The playbook for much of the junk-food marketing is similar to what the tobacco industry used for decades: advertising strategies focused on young people, a shirking of responsibility for poisoning entire populations, and an emphasis on individuals’ responsibility for their own health.
Unfortunately, ultra-processed foods aren’t as readily condemned as tobacco. While we know that nicotine is addictive and that cigarettes deliver a range of carcinogens, there are many ways (yet no single way) that the standard American diet increases the risk of other causes of premature death. The interactions among calorie intake, exercise, fat accumulation, insulin resistance and genetic background, along with other environmental factors that cause diet-related diseases (such as stress and generational poverty), are variable and complicated.
What is indisputable is that a better diet leads to better health. And most people know that a “good” diet is one that cuts back on ultra-processed foods and substitutes relatively unprocessed plant foods. (You can tinker at the margins, but it’s pretty much that simple.) On this, all responsible global experts agree.

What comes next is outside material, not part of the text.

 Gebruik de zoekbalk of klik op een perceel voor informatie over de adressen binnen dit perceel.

But knowledge and sound advice aren’t enough: When most choices are destructive, it’s hard to choose wisely. And between your knowledge and the execution of your wishes stands a $14 billion food advertising budget, the vast majority of which promotes fast food, sugary drinks, candy and unhealthy snacks. (The total budget of the federal Centers for Disease Control and Prevention for “chronic disease prevention and health promotion” is less than $1 billion.) Thus, the failed New Year’s resolutions.

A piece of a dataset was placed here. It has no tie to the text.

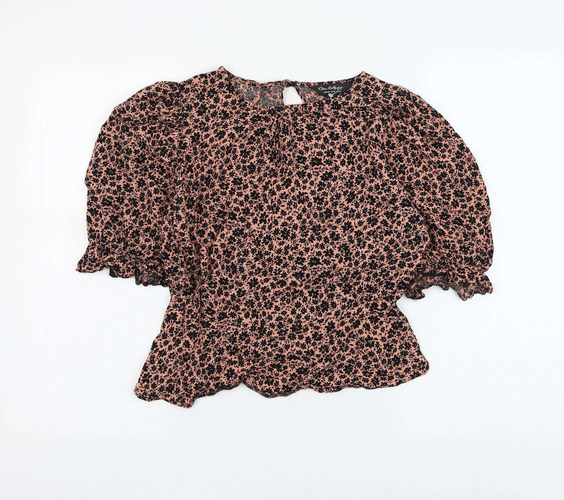 Miss Selfridge Womens Pink Floral Viscose Basic Blouse Size 14 Round Neck

Healthy food exists, of course, but it’s overwhelmingly marketed to a specific demographic: wealthier, often white people, almost always adults. Children, poorer whites and especially people of color are the primary targets of ultra-processed-food sales.

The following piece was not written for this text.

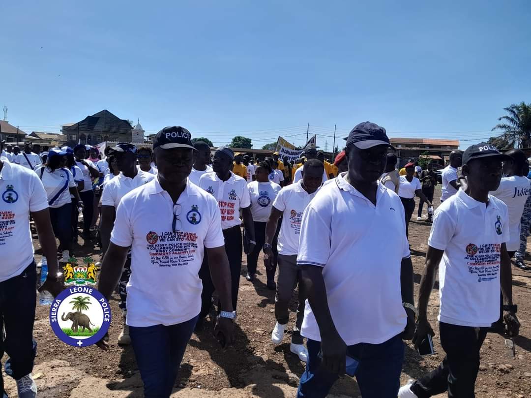 The awareness campaign, spearheaded by the Local Unit Commander of the Kissy Police Division, was conducted in collaboration with the Local Policing Partnership Board (LPPB), Area Policing Partnership Committees (APPCs), Motor Drivers’ Union, students, and other community members.

There are five fast-food restaurants for every supermarket in the United States, and they’re found more in poor areas than in wealthy ones. So-called food deserts — areas where healthy and affordable food choices are nil — are better labeled as areas of food apartheid and are found more often in poor areas, especially those whose residents are people of color. It’s money that brings supermarkets and good food options to a neighborhood, and even bringing a new grocery store to a lower-income neighborhood doesn’t improve things much if people’s incomes remain low.
The primary determinant of the quality of diet is income, not ignorance, intelligence or will. With 12 percent of Americans going hungry, and millions of households with children uncertain that they’ll be able to feed their kids, the “choice” is often between eating processed food and not eating at all. With each passing generation, unhealthful diets become more normalized. Food preferences begin to be shaped in utero. One study found that mothers with varied diets who breastfeed and wean their children with normal food create much different eaters than mothers with standard American diets who rely on formula and baby food. When we began to feed our children as marketers dictated, pushing the gloss of “convenience” and “modernity,” the cycle spiraled out of control.
Only good policy can rescue us, but government has largely been a part of this problem, embracing the interests of agribusiness, food processors, marketers and retailers. The weight that our society really needs to shed is the shame we allow ourselves to feel for a problem we didn’t create. Or, to put it more bluntly, the dead weight of the profiteers who poison us, and of the plutocrats who abet them.
Mark Bittman, a former food columnist for The Times, is the writer of the forthcoming “Animal, Vegetable, Junk” and is on the faculty of the Mailman School of Public Health at Columbia.